Autant le dire tout de suite, le film est particulièrement éprouvant, émotionnellement et intellectuellement.
Nous sommes en 1960, dans un camp de rééducation, dans le désert de Gobi, en plein hiver. Les prisonniers habitent dans des sortes de caves creusées dans la terre, comme des rats. La famine et le froid glacial leur rendent la vie très diffcile.
Dès les premières minutes, on voit les cadavres s'entasser, et durant tout le film les morts vont se succéder à une cadence infernale, à tel point qu'à un moment un personnage dit à un autre, qui vient de découvrir un cadavre : "finis de manger, on s'en occupera après".
L'horreur est montrée sans ostentation particulière, mais la caméra froide et élégante de Wang Bing ne fait pas de cadeau non plus : un prisonnier vomit, son ami ramasse la nourriture pour la manger, un homme raconte qu'un autre à brûlé les poils d'un vêtement en mouton puis à fait griller la peau pour la manger, on entend qu'un cadavre a été retrouvé en partie dépecé au niveau des fesses et des mollets.
Dans des paysages d'une platitude irréelle, filmés magnifiquement, constituant une véritable prison à ciel ouvert, le film s'écoule avec la lenteur du plomb.
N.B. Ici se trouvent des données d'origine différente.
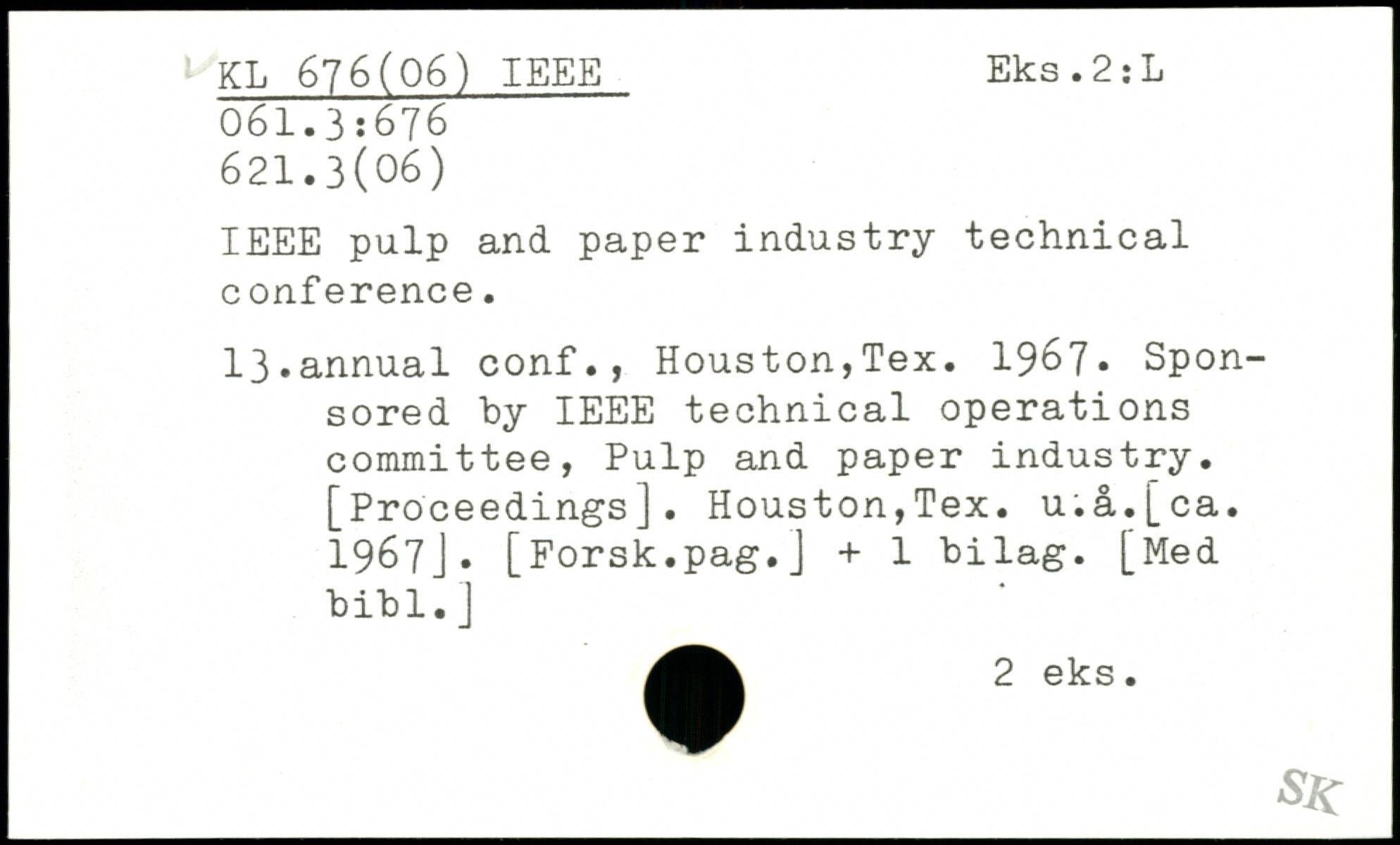 IEEE pulp and paper industry technical conference. 13.annual conf., Houston,Tex. 196?. Sponsored by IEEE technical operations committee, Pulp and paper industry. [Proceedings]. Houston,Tex. u.å.[ca. 1967J. [Forsk.pag.J + 1 bilag. [Med bibl.J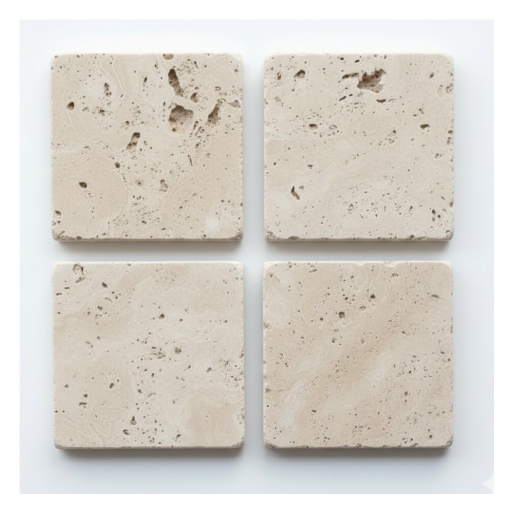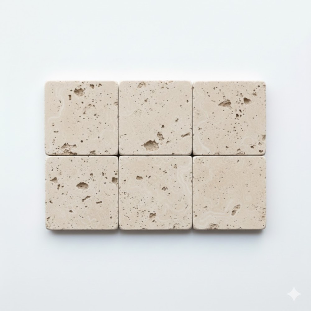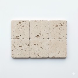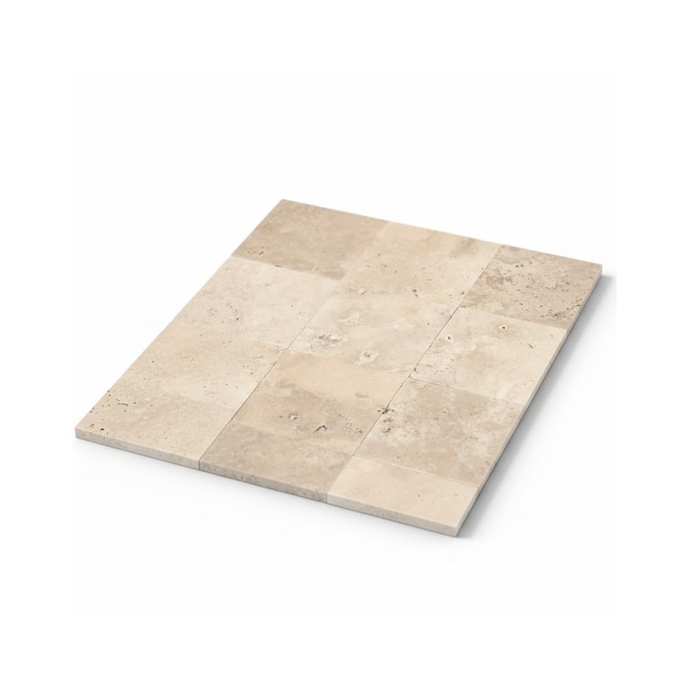 Trawertyn Classic Mix w formie bębnowanych kostek to kwintesencja śródziemnomorskiego designu. Dzięki procesowi bębnowania (obróbka mechaniczna w specjalnych bębnach), każda kostka zyskuje charakterystyczne, lekko zaokrąglone krawędzie oraz aksamitną w dotyku strukturę, która do złudzenia przypomina kamień szlifowany przez wieki.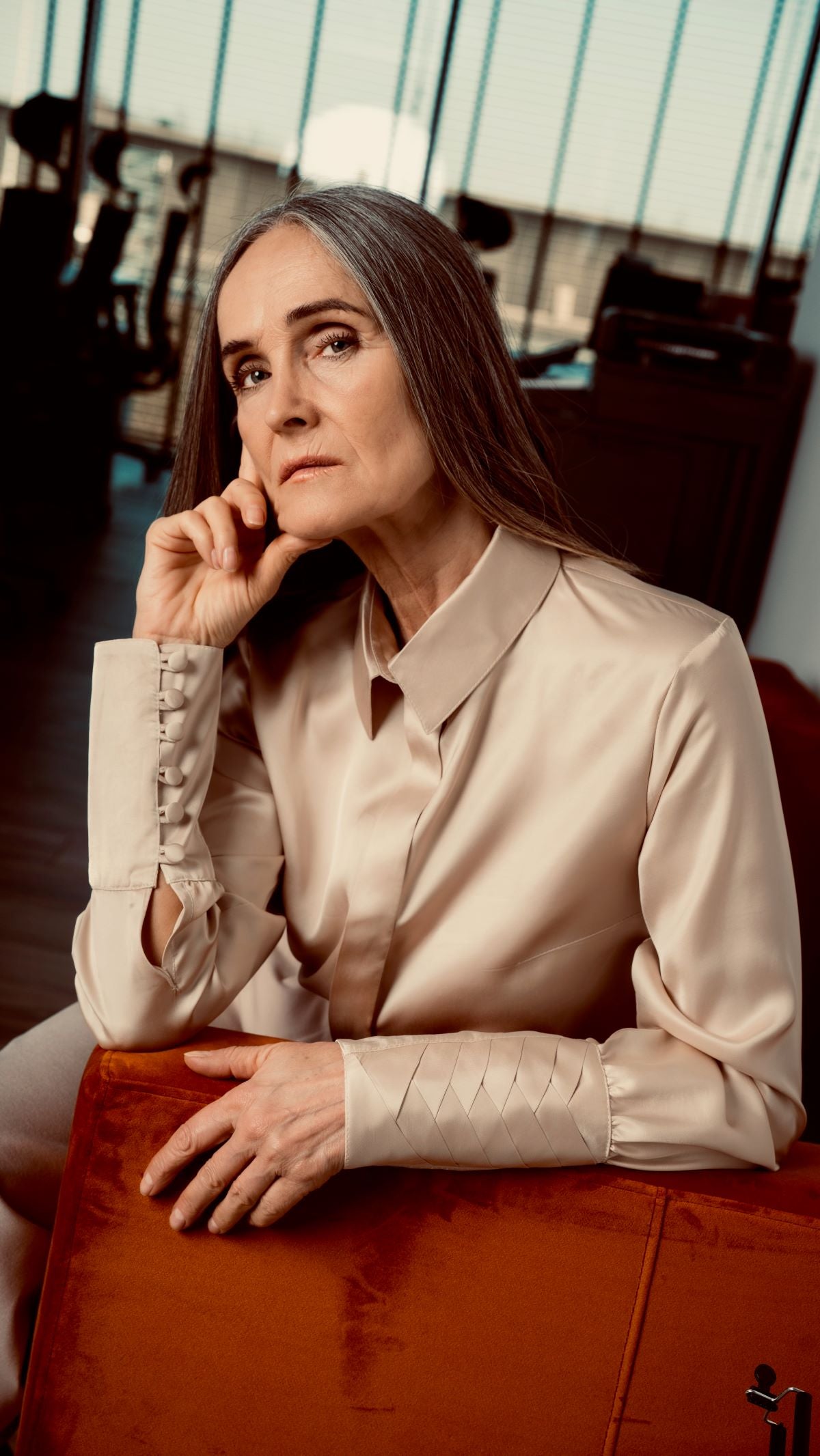 Ręcznie szyte, wysokie mankiety w jodełkę z obciąganymi guziczkami stanowią wyrazisty detal, który sam w sobie buduje stylizację – bez potrzeby dodatkowych akcesoriów.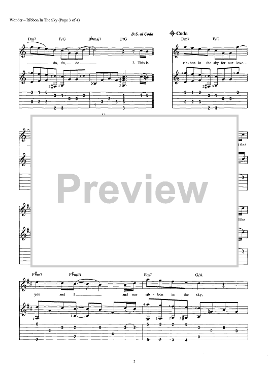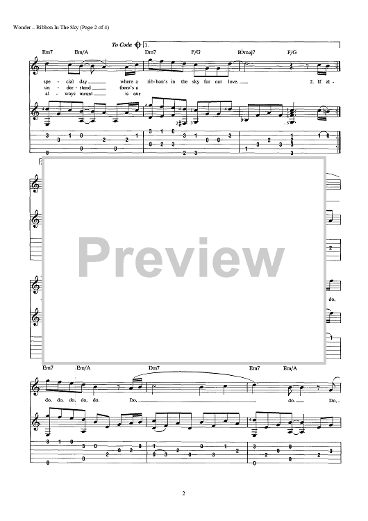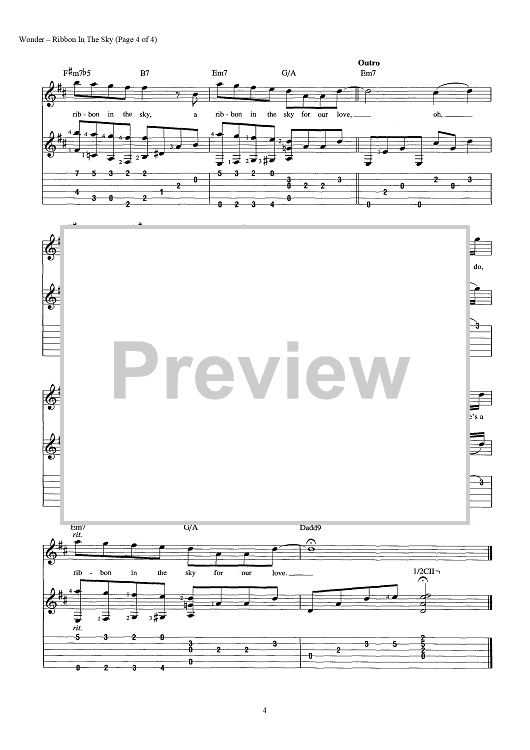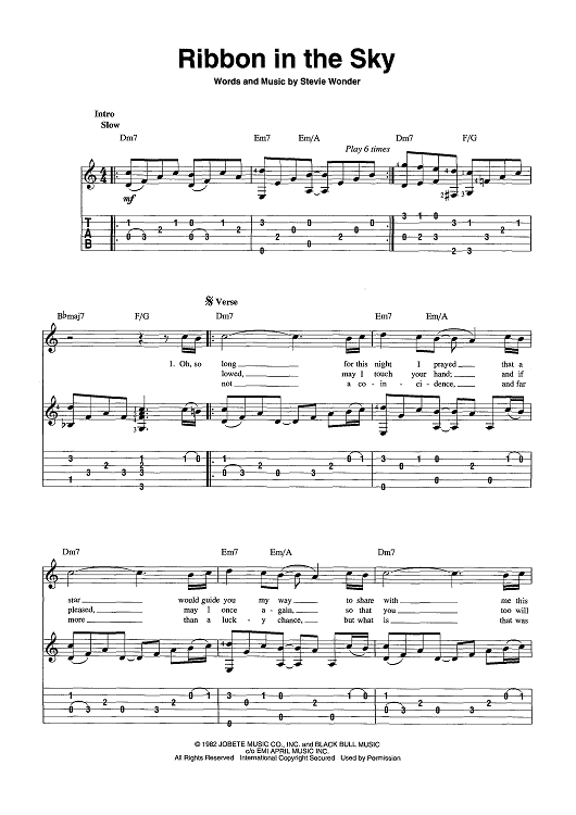 Digital Sheet Music for Ribbon in the Sky by Stevie Wonder scored for Guitar Tab/Vocal/Chords; id:443612

Sorte de synthèse du cinéma de Bresson, des espaces américains de Ford et de souvenirs du goulag. Un vertige métaphysique peut saisir le spectateur à mi-film : où sont les gardiens ? Pourquoi ces gens là sont-ils là exactement ? Il marque les esprits probablement d'une façon indélébile (en tout cas le mien), avec ce style inimitable que les Chinois de la nouvelle génération (comme Jia Zhang Ke) savent donner à leurs films : la réalité y semble être inventée, alors que la fiction y a l'aspect d'un documentaire.